Inflammation is a beneficial biological response against infectious agents, with the major aim to eliminate the pathogen and repair damaged tissue. Under certain conditions, such as chronic infections or autoimmune diseases, inflammation does not resolve. Instead, there is an aberrant reaction with continuous infiltration of leukocytes, resulting in a prolonged immune response that leads to tissue damage, fibrosis, loss of function, and overall, disability and in some cases death of the patient. These human disorders, cataloged as inflammatory diseases, all involve the blood vessels for the control of leukocyte extravasation^1,2.

The endothelial cells play a fundamental role in the regulation of the inflammatory response by controlling leukocyte trafficking. When the endothelial layer is exposed to inflammatory mediators such as LPS, the resting endothelium activates and expresses pro-inflammatory cytokines (Cxcl10, Cxcl5, Cxcl1, etc.) and adhesion molecules (E-selectin, VCAM-1 and ICAM-1) that favor recruitment of circulating leukocytes to the infection site. The leukocytes primed by the released cytokines then mediate rolling and interaction with the endothelial layer through the correspondent adhesive counterparts: PSGL-1 to selectin, α4β1 integrin to VCAM-1, and αLβ2 integrin to ICAM-1. Finally, the leukocytes migrate across the vasculature towards the focus of inflammation³.

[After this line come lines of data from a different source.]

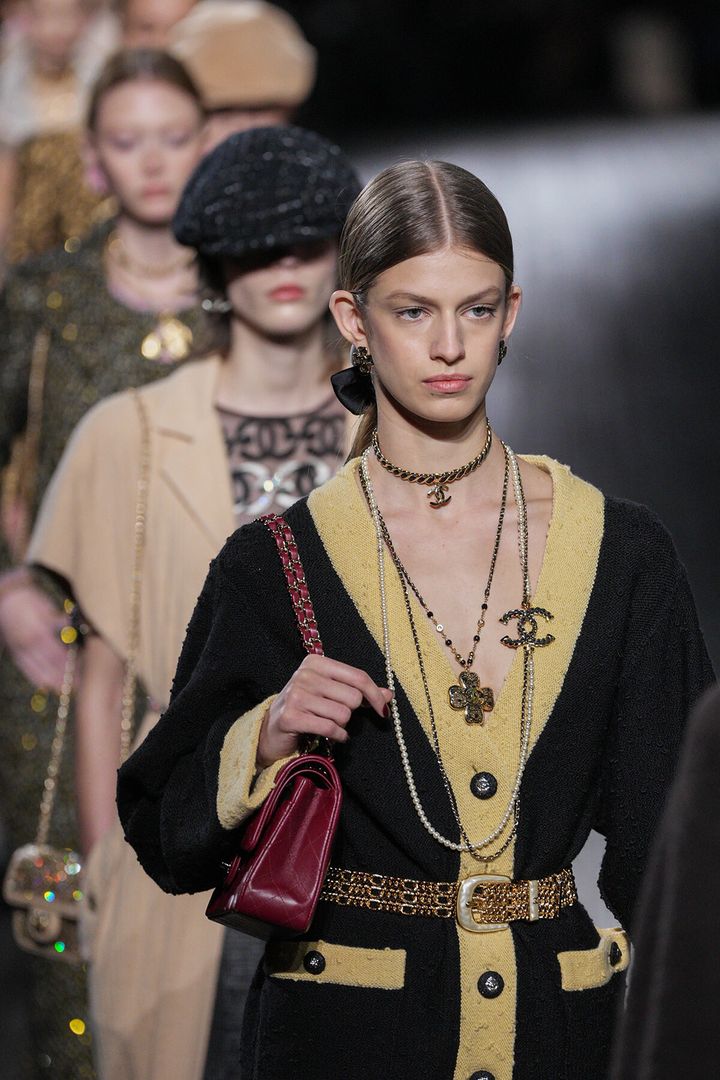 シャネルらしいボックスプリーツのスカートやキュロット、クロップドパンツのツイードスーツ、そしてドロップフロンのパンツ。さらにドーヴィルの風景をモチーフにした厚手のセーラー風ニットやセーラーカラーのシルクブラウスなど、優雅さを備えたピースが並ぶ。アイコニックなバッグなどのアクセサリーも見逃せない。「今回のコレクションは、素材や色、ボリュームを重ね合わせた、とても温かみのあるものになりました。そしてドーヴィルという、ガブリエル・シャネルの運命が永久に変わった伝説の場所でのトリビュートでもあるのです」。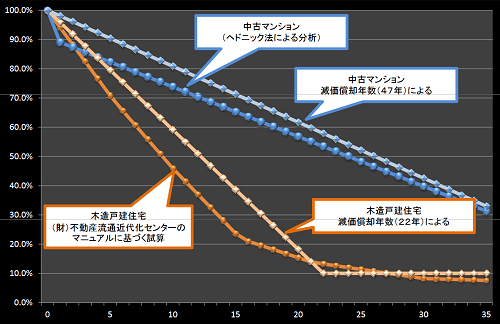 同じく、マンションも一戸建てほど早くはないものの、時間が経つにつれ建物の価値が下がっていきます。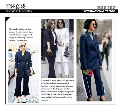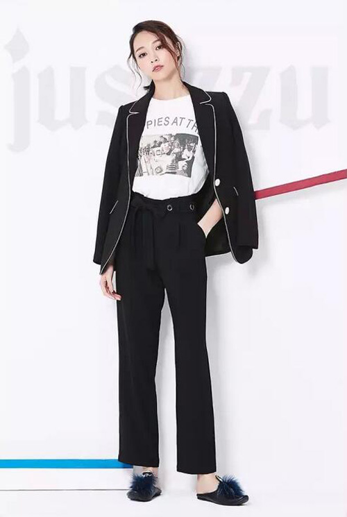 黑色经典西装采用白色精致包边,轮廓清晰明了;混纺面料质地舒适,高贵大方不失时尚感,蝴蝶羽翼的西装领设计新颖柔美;青春洋溢的图片T恤搭配直筒西装裤,让职业丽人更添一分都市休闲气息。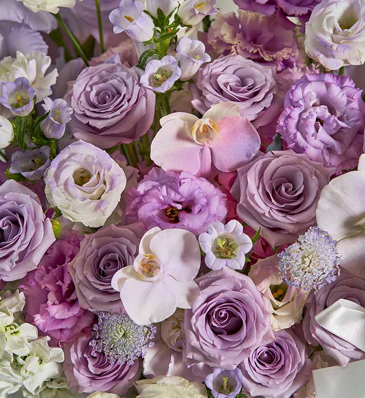 浅紫色玫瑰11枝,白色蝴蝶兰3朵(喷浅紫),紫色卷边桔梗7枝(3头/枝),白色桔梗喷浅紫3枝(3头/枝),浅紫色剑兰4枝,白色紫罗兰4枝,紫色风铃5枝,紫色翠珠5枝,粉色绣球1枝,粉掌2枝喷紫色,白色康乃馨喷紫色6枝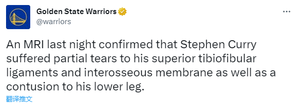 来源:JRS直播网02-06 18:19JRS直播网讯02月06日,勇士官方宣布,核磁共振检查结果显示,库里遭遇左胫腓上韧带和骨间膜部分撕裂的伤病,左小腿也有挫伤,名记shams报道预计库里缺席数周,将无缘全明星赛;医学专家表示预计伤停3-6周。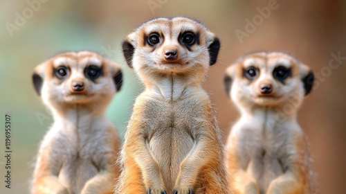 Three meerkats sitting together, alert in a blurred savannah background; wildlife photo for calendars, websites

The essential role of the endothelium in regulating the inflammatory response has been demonstrated on mice that were genetically modified to express the LPS receptor, toll-like receptor 4 (TLR4), only on the endothelial cells. These endothelial-TLR4 animals were able to respond to an LPS-mediated inflammation and to detect the infection generated after bacteria inoculation, and consequently achieve infection resolution and survival at similar levels as the wild type mice^4,5.

For the endothelium-regulated inflammatory response pathway, it has been postulated that the inhibition at some stages of the leukocyte-endothelium interaction would result in the reduction of trans-endothelial migration and a better prognosis for inflammatory-related diseases. In fact, several strategies targeting the endothelial activation and leukocyte-endothelium interaction have been designed to hinder extravasation of immune cells as a treatment for inflammatory disorders^6,7.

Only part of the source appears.